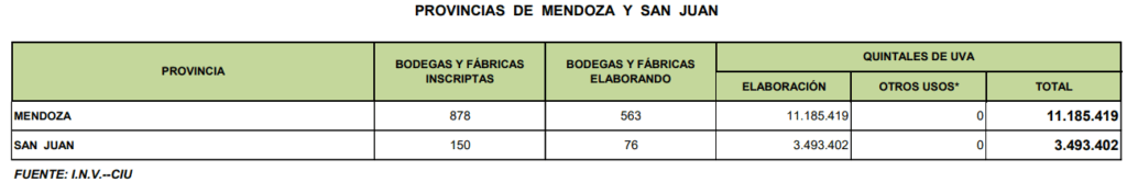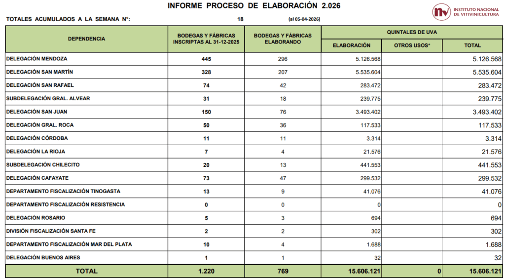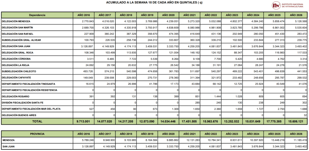A continuación replicamos algunos de los cuadros estadísticos divulgados hoy 7/4/2026 por el Instituto Nacional de Vitivinicultura (INV).
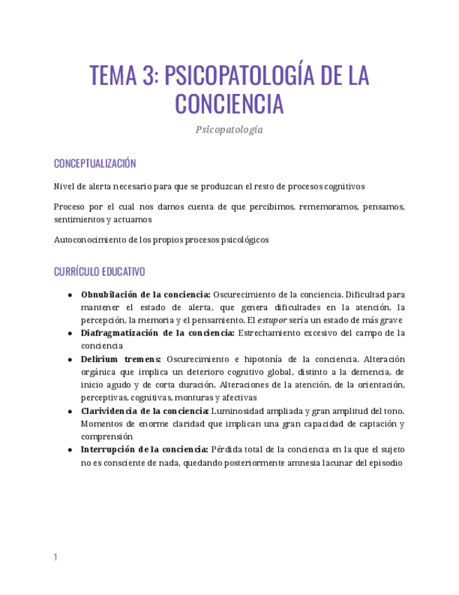 He publicado nuevos apuntes de 2º Psicopatología: psicopatologia de la conciencia..docx
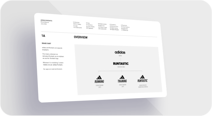 ADIDAS RUNTASTIC Brand Manual June 2022 1A Overview 1B Perf. Badge 1C Logo 1D Construction 1E Size 1F Violations 2A Color Palette 2B Typefaces 3A Digital avatars 3B App Icons 4A Product Logos 4B Construction 4C Violations 4D Minimum Size 5A Digital Sizing 5B Digital Margins & Placement 6A Visual Guidance 6B Application 6C References BRAND CHART adidas and Runtastic are separate employers. This means, whenever we talk about Runtastic as an employer, we use the Runtastic logo. Whenever it is marketing / content related, we use adidas Runtastic. Our apps are made by Runtastic. 1A OVERVIEW
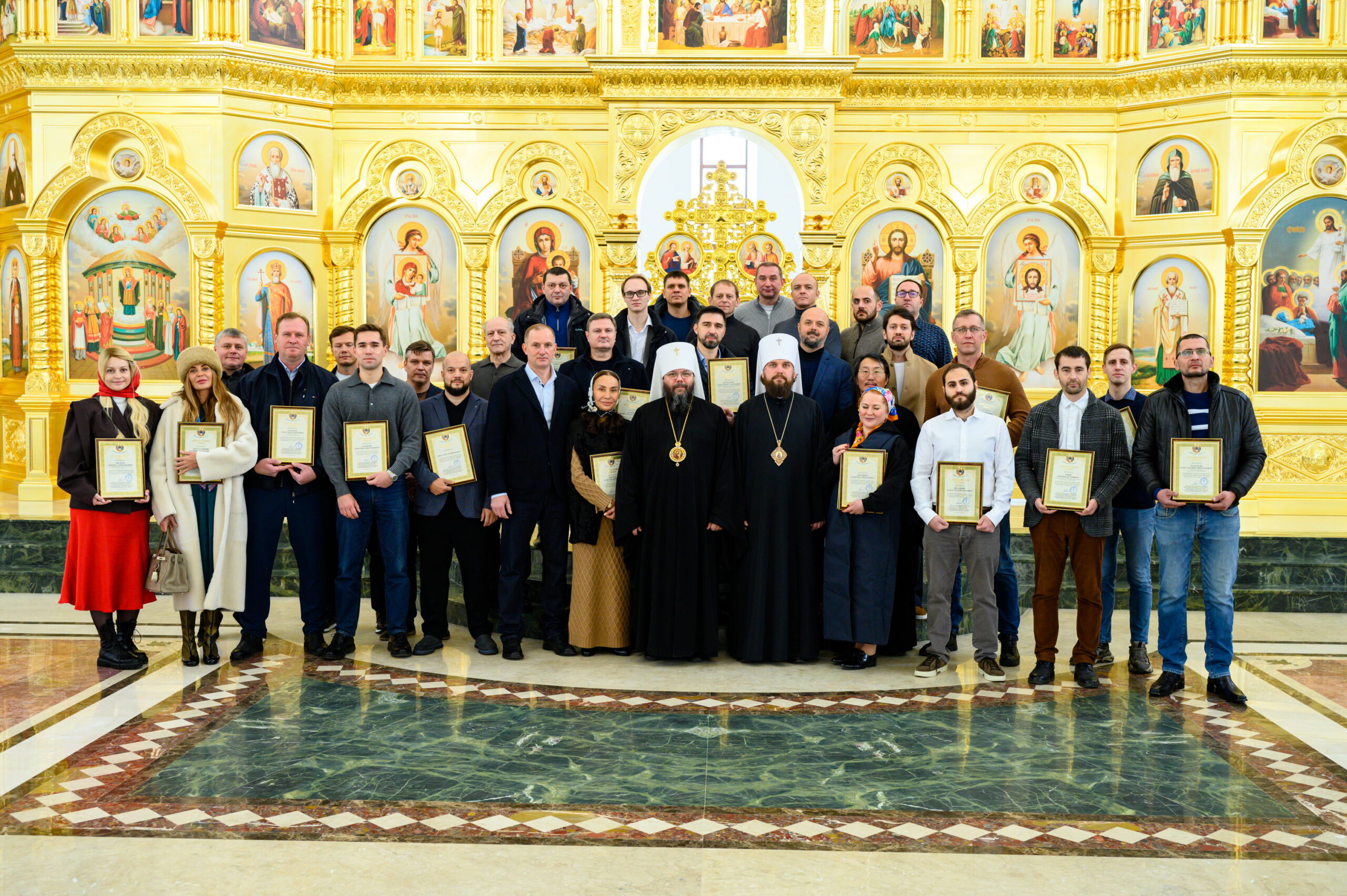 В завершение владыка Арсений наградил благодарственными архиерейскими грамотами строителей и благоукрасителей за усердные труды в деле строительства храма Успения Пресвятой Богородицы в Останкине.

■ **WHAT YOU WILL DO**:
Keep the pictures out and repeat exactly the lines from the beginning of the data through the line that contains "He publicado nuevos", both ends included.

■ **ANSWER TO THE PROBLEM**:
A continuación replicamos algunos de los cuadros estadísticos divulgados hoy 7/4/2026 por el Instituto Nacional de Vitivinicultura (INV).
 He publicado nuevos apuntes de 2º Psicopatología: psicopatologia de la conciencia..docx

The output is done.